■ **EXERCISE DIRECTIONS**
Task for the records below: please retype exactly and only the lines from the first through the one with "材料❷と材料❻の接合部に木工用接着剤をつけ接着し、仮止めしたスリムビスで固定", with every picture omitted.

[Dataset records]

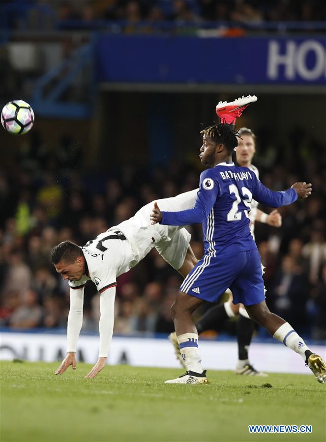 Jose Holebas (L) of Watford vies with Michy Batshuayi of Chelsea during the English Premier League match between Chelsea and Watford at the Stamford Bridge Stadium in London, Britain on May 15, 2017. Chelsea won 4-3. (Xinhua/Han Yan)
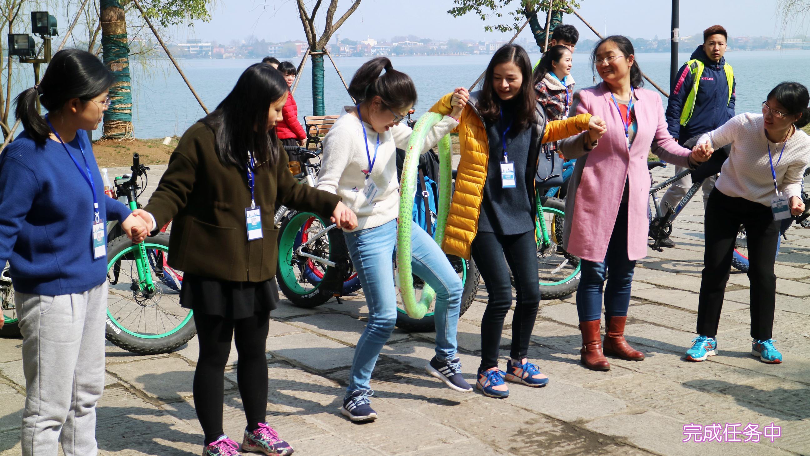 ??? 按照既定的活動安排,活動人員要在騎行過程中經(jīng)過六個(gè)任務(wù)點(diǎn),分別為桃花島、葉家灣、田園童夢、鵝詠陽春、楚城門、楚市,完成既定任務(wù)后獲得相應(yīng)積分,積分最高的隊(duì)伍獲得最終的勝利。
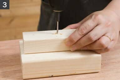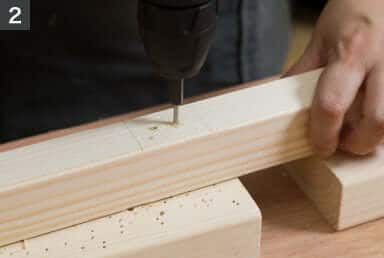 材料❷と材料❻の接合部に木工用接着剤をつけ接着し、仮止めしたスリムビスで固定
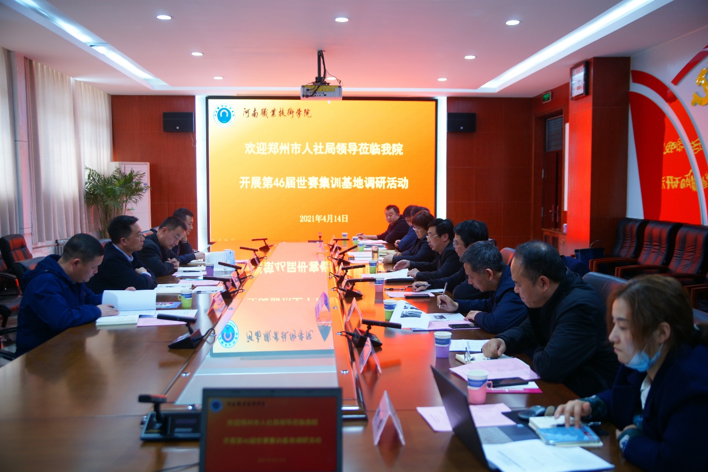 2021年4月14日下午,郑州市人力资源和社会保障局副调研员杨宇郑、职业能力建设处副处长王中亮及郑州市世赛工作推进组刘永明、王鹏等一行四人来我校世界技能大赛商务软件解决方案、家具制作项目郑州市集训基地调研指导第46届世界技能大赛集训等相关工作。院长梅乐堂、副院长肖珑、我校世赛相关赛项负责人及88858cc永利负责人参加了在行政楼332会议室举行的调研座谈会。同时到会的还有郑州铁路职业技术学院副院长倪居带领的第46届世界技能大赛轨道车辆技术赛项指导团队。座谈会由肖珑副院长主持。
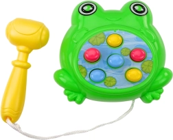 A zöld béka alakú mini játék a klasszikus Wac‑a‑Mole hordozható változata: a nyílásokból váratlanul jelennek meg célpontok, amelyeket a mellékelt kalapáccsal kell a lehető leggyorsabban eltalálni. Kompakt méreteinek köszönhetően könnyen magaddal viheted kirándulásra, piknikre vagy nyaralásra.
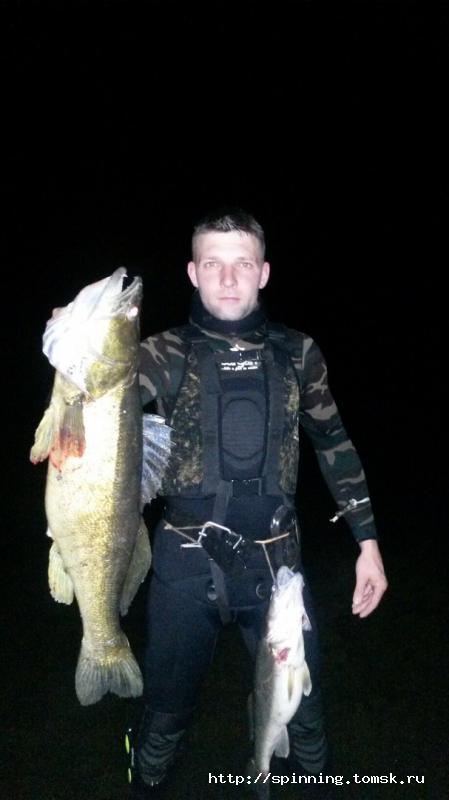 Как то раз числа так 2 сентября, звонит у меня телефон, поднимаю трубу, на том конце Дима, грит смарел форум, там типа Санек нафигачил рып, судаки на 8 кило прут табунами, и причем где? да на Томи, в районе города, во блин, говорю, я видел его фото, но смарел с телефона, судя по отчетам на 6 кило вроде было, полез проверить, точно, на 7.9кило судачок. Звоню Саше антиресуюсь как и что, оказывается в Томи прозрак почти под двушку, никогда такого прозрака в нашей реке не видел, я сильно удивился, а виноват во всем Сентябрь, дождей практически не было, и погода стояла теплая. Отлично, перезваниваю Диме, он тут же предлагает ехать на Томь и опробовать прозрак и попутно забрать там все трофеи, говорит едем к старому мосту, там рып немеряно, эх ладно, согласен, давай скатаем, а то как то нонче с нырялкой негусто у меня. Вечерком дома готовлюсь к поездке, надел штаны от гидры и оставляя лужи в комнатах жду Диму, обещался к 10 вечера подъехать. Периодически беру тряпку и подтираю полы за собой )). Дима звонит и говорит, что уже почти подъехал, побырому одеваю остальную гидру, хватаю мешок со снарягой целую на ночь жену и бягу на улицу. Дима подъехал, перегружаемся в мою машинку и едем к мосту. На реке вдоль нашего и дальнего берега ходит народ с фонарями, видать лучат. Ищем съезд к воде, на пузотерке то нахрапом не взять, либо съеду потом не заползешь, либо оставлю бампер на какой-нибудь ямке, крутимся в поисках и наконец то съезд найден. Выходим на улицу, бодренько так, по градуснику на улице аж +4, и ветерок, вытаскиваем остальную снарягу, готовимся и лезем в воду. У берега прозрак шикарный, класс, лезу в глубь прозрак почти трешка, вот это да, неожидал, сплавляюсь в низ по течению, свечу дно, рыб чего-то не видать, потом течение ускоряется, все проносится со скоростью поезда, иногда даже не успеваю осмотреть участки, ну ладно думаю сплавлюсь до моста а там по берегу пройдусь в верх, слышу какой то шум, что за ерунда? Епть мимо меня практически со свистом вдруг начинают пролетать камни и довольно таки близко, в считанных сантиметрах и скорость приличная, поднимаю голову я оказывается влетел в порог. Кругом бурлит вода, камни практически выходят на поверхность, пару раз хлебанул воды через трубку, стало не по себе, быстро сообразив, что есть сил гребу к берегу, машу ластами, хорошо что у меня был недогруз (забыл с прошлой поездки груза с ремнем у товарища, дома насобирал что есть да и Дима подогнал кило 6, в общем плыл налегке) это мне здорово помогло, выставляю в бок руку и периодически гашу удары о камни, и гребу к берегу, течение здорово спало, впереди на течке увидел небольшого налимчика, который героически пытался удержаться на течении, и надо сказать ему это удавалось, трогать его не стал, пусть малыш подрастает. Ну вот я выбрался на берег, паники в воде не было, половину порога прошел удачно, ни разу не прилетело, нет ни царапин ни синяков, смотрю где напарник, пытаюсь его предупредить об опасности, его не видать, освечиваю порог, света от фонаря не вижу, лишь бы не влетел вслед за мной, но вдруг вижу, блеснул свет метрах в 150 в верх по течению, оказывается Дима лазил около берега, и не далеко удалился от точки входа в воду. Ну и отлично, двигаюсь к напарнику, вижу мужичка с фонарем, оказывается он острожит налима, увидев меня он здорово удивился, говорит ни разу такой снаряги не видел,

■ **WRITTEN ANSWER**
 Jose Holebas (L) of Watford vies with Michy Batshuayi of Chelsea during the English Premier League match between Chelsea and Watford at the Stamford Bridge Stadium in London, Britain on May 15, 2017. Chelsea won 4-3. (Xinhua/Han Yan)
 ??? 按照既定的活動安排,活動人員要在騎行過程中經(jīng)過六個(gè)任務(wù)點(diǎn),分別為桃花島、葉家灣、田園童夢、鵝詠陽春、楚城門、楚市,完成既定任務(wù)后獲得相應(yīng)積分,積分最高的隊(duì)伍獲得最終的勝利。
 材料❷と材料❻の接合部に木工用接着剤をつけ接着し、仮止めしたスリムビスで固定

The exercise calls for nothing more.